Task item
Retype the listing exactly; omit pictures.

Data below
◆ ◆ ◆
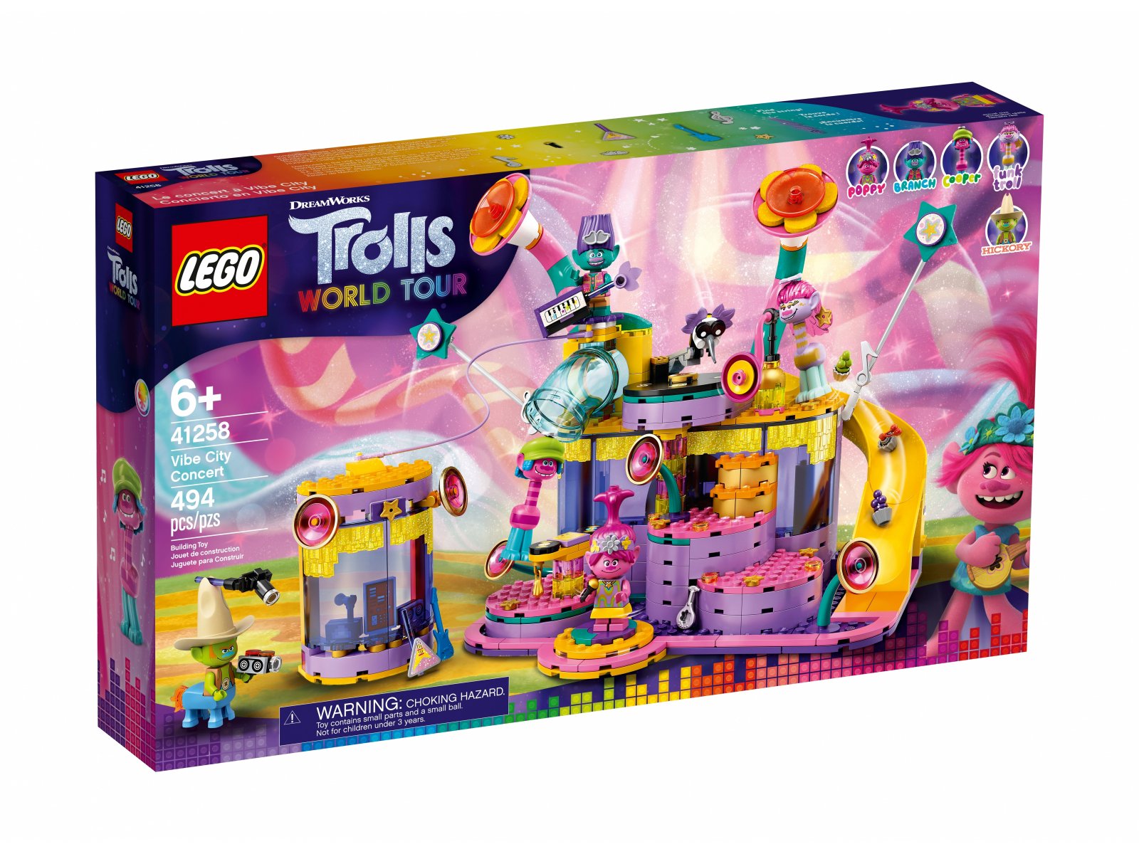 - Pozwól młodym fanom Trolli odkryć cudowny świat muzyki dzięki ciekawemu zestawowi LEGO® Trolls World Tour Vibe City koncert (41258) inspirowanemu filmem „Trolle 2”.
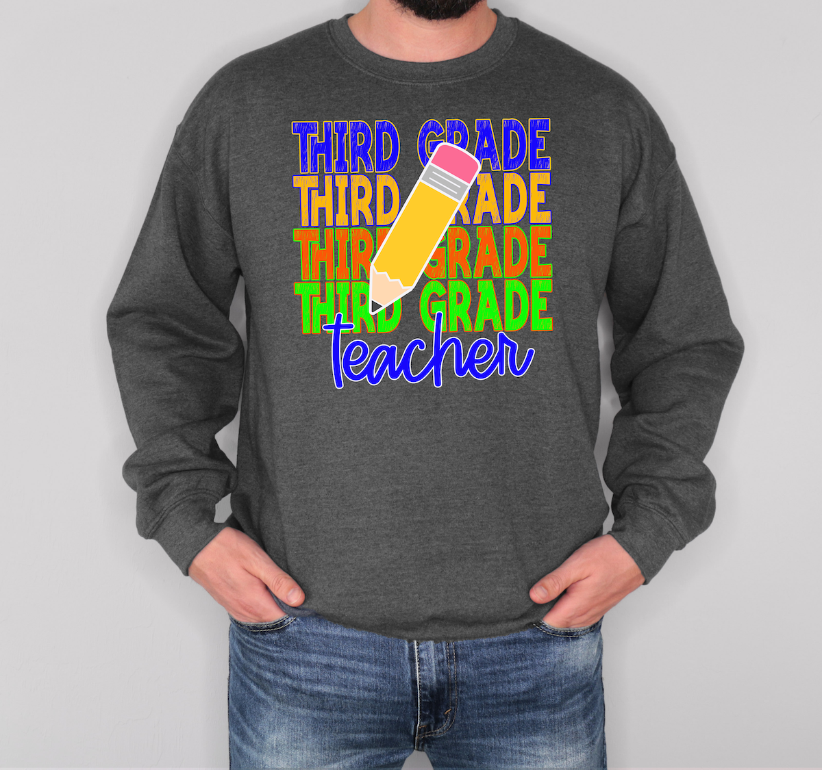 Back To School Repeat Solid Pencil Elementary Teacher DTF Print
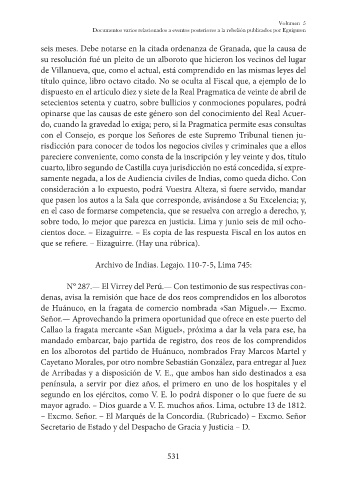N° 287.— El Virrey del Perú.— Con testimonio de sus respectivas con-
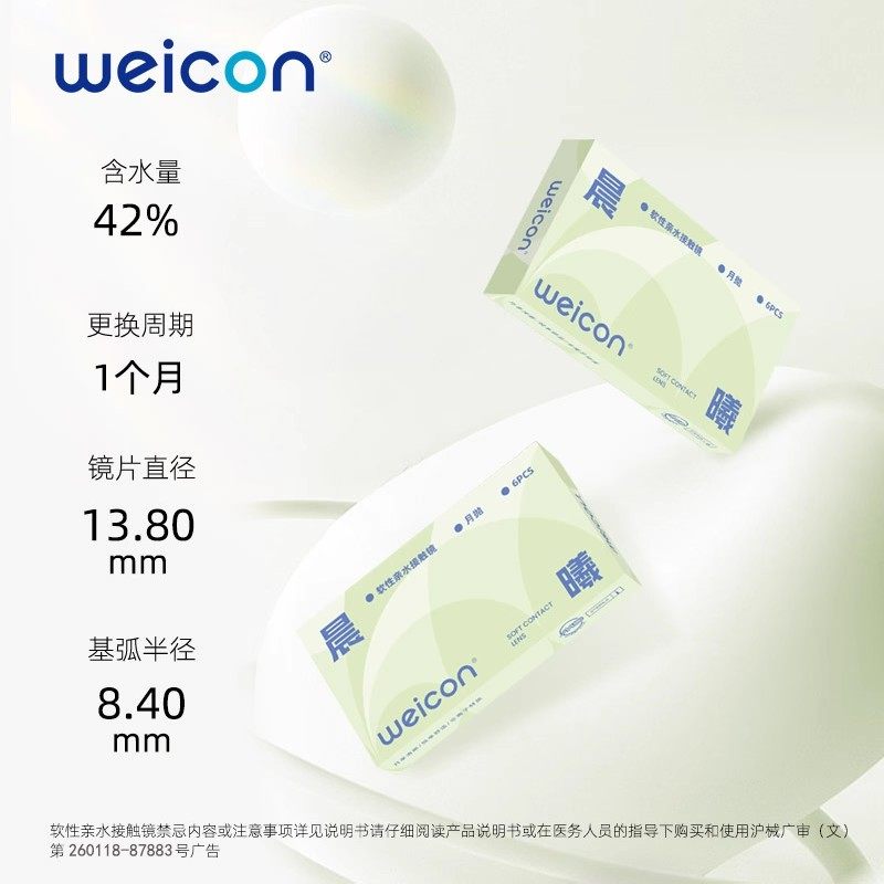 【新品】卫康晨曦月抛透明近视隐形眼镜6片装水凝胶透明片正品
◆ ◆ ◆
Solution to this problem
 - Pozwól młodym fanom Trolli odkryć cudowny świat muzyki dzięki ciekawemu zestawowi LEGO® Trolls World Tour Vibe City koncert (41258) inspirowanemu filmem „Trolle 2”.
 Back To School Repeat Solid Pencil Elementary Teacher DTF Print
N° 287.— El Virrey del Perú.— Con testimonio de sus respectivas con-
 【新品】卫康晨曦月抛透明近视隐形眼镜6片装水凝胶透明片正品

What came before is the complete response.